I actually thought that the bicycle article made some really interesting points. Although I don’t agree that they should just be able to always ignore red lights and stop signs I do think that some form of a comprimise might be in everyone’s best interest. Biking in Portland Oregon is a much different experience than driving in it. Although there are many bike lanes there are still some intersections that feel less then safe when in the bike lane. Being able, by law to continue on before the car next to you turns right into you has some benefits too it. I think that a compromise that made it solely the bikers responsibility to understand when it is and isn’t safe to go, with some new rules of the road for bikers could potentially be safer for all involved. Although I believe something like this should be researched a lot more to fully understand what would be the safest for everyone.

Sam Combs

I read the fashion article and I found it super cool up until the ties of fashion support and religion. I do not think that religion and fashion correlate that hard in America at least. There are some religions where it is better to be modest yes, however I do not think there are religious groups that bash on fashion trends. I think people who bash on fashion trends might be tied to a religion, but it does not reflect on the religion.

Kaylee Mok

I read the article about the "modest fashion movement." I don't believe that the way they choose to dress is novel.

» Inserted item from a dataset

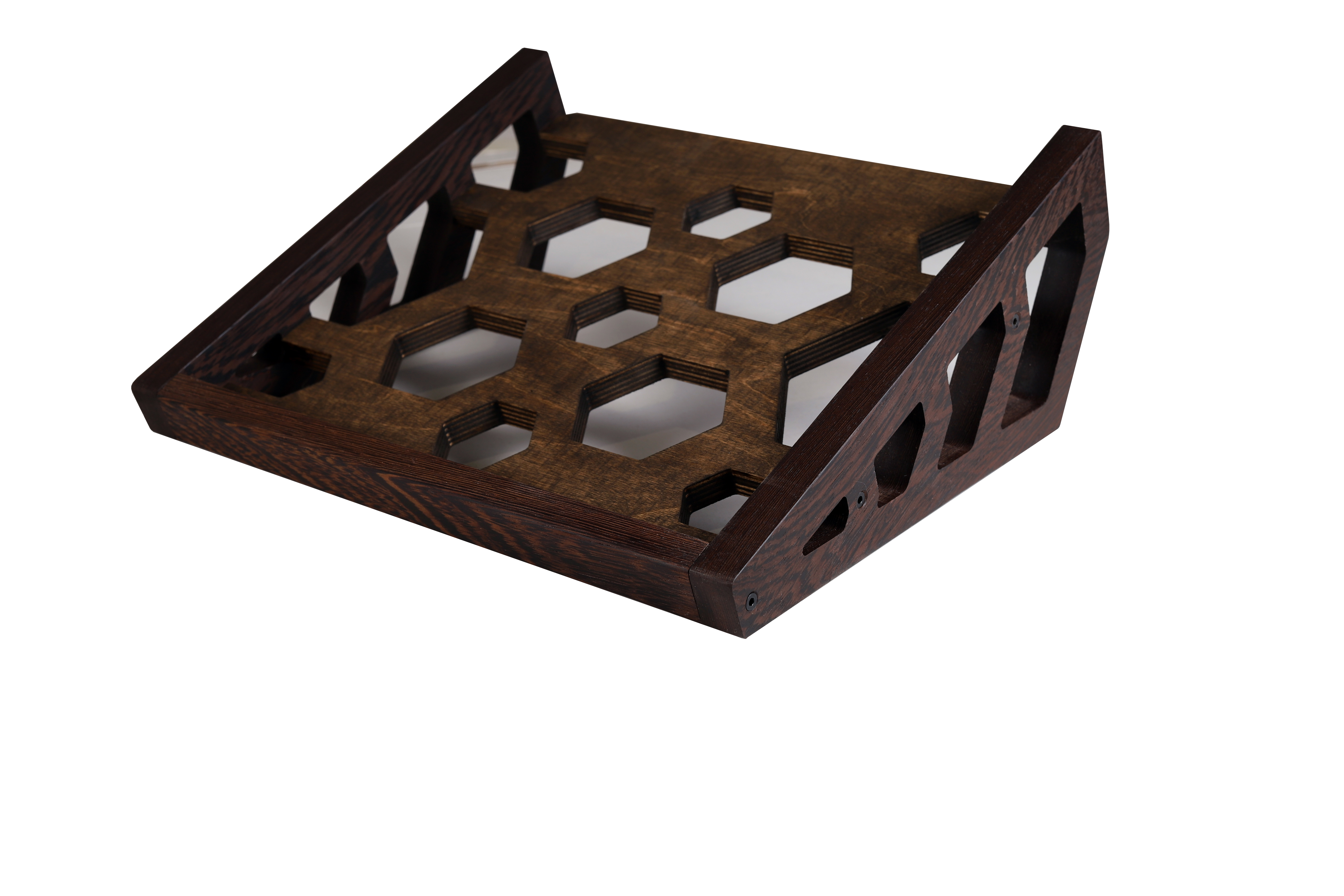Przykładowe zdjęcia stojaków w kolejności dąb, wenge, zebrano.

But I came from a religious upbringing so I know the struggle of finding modest fashionable clothing. This "movement" has been going on for ages and I don't think that choosing to cover up more counts as very novel. Though to someone else who grew up in a different "culture", it may be novel.

Yazmin Hernandez Alvarez

I read the article by Dina Nayeri. In this article she shares her experience of being a refugee as a young child. She shares stories of her childhood and how she was bullied. She shares that she was bullied once the children in her school found out she was different. She was often made fun of and yelled mean things. She recalls once being bullied by these to kids, she got her little finger slammed by the door because those kids did not like her for being different. She shares that from that experience on she changed her appearance and attempted to hide her culture. Over time she began to assimilate and loose her culture, she noted that her accent was lost. To assimilate she was to loose her culture and always share her story of gratefulness for being able to come here. She realized that that is what people wanted to here her gratitude to be here nothing else. "we sensed the ongoing expectation that we would shed our old skin, give up our former identities – every quirk and desire that made us us – and that we would imply at every opportunity that America was better, that we were so lucky, so humbled to be here” (Nayeri)

Madison Overholser

Yazmin, I also read that article and I cannot believe all those horrible things that happened to the author! It is truly unfortunate that we still live in a world where people are ignorant and intolerant to people who are different from them. I believe that no one should feel forced to change who they are, what they wear, or conform for the sake of others. Nayeri did not feel represented because of the power in this country have chosen to only represent some people and not all. It is especially hard right now for refuges that fled the middle east because some people in this country are still harboring prejudices and ignorance.

Ana Bautista

I read the Bicycle Laws in Chicago article I don’t agree that they should just be able to always ignore red lights and stop signs. I do think they are harder to see, but I believe that could easily be fixed by wearing bring clothes of even having lights on their bikes. This is transgress because they are not necessarily doing it on purpose they do it because they have to.